I researched a number of indie publishing options whilst at the same time becoming wise to the Vanity Publishing Houses that prey upon naive new authors. I discovered York Publishing and here we are now. They offered a number of marketing options though none of them really had an impact on sales. Over the last year I have experimented with a number of promotional and marketing techniques. Sometimes it does feel like you are flying blind. There are so many and the majority cost big money. The key is trying to find affordable marketing options that will give maximize exposure. The usual social media outlets such as Twitter and Facebook have helped to raise the profile of the book and of myself as an author. This is the first phase and a really important one. I guess as an author I was judging my success based on the number of copies sold but I have learnt that you need to generate exposure first of all and hopefully this will lead to sales. I contacted every possible gay magazine or website and asked if they would consider reviewing the book or interviewing me. This was tremendously successful and provided many promo opportunities. Sometimes it can be tempting to pay to see your book in a top magazine but the gains are not always there for the taking. I fell into this trap – paying 500 pounds for an advert in Attitude Magazine. It was a proud moment when I saw the printed edition with my book advertised inside but it’s impact? Minimal! In comparison Goodreads has been an invaluable resource for me. It is a great way to link with other authors and direct with readers. I have offered the book in a number of Giveaways and this has led to some great reviews. The more reviews, the greater the attention you receive.
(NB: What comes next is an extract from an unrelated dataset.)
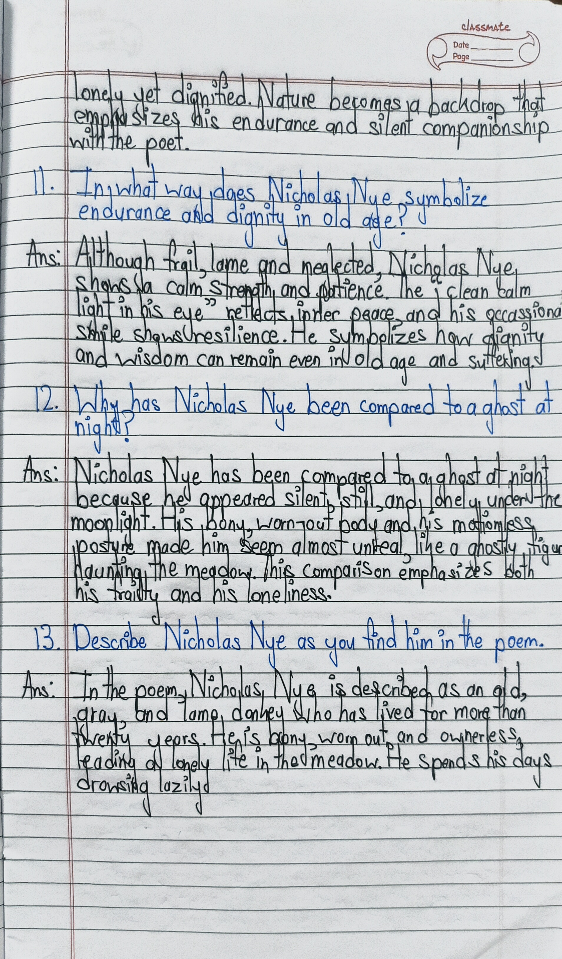 The handwriting exhibits a clear, upright style with consistent letter formation, particularly noticeable in words like "dignified" and "companionship". The writing is relatively neat, demonstrating good control and spacing between words. The baseline is mostly even, indicating a steady hand and focused approach. There's a slight forward slant, which can suggest enthusiasm and engagement. The letter size is uniform, indicating a structured and organized mindset.

I‘m still learning every day. The more creative and innovative you can be in your approach the more successful I think you marketing will be. Readers are quite demanding these days. They expect budget prices yet high quality books. The $0.99 ebook craze has placed the rest of us under huge pressure to price our work at a competitive price that leaves little room for making a living out of our hobby. And very few magazines, websites or individuals will offer promotional support for free. I am currently experimenting with Google Adwords and to say this is a challenge is an under-statement. The majority of its functions are out of my league of IT understanding but is certainly has increased the amount of traffic to my website. Only time will tell if that leads to great sales. I personally believe that the more approaches you try the greater the impact. I am still using some traditional methods for spreading the word – handing out fliers and bookmarks that advertise the book. Maybe the mix of the modern and old methods is what works best? The book is available on every possible online book store. The support from traditional book stores has been less supportive. The book is in a number of stores – Asia Books and Kinokuniya stores in Thailand, Prowler in the UK and a few LGBT bookstores in the US, but generally they don’t have the space for stocking the tremendously high number of books being published each week. To see your paperback for sale in a local book store or at the airport is incredibly rewarding but don’t wrongly assume that will make the successful. My greatest sales have come from Amazon. I have tried to support the local book stores but Amazon seems to be able to do what they can’t do – reach out to my audience. Well actually they are very passive – they won’t promote your book but it seems to be the popular hangout for readers. Yet I haven’t just put all my eggs in the Amazon basket. I have tried to make the book available through as many outlets as possible – giving readers the best possible choice.

It can be disheartening sometimes and most definitely frustrating when struggling to reach out to your readers. But I just remind myself of why I wrote the book. It was not sell thousands of copies (though that would be lovely thank you). I had always told myself that if my story helped just one person avoid the misery and upset I went through, or if the book helped one ignorant person realise the complexity of sexuality, then it would all have been worthwhile. And I have exceeded those expectations tenfold.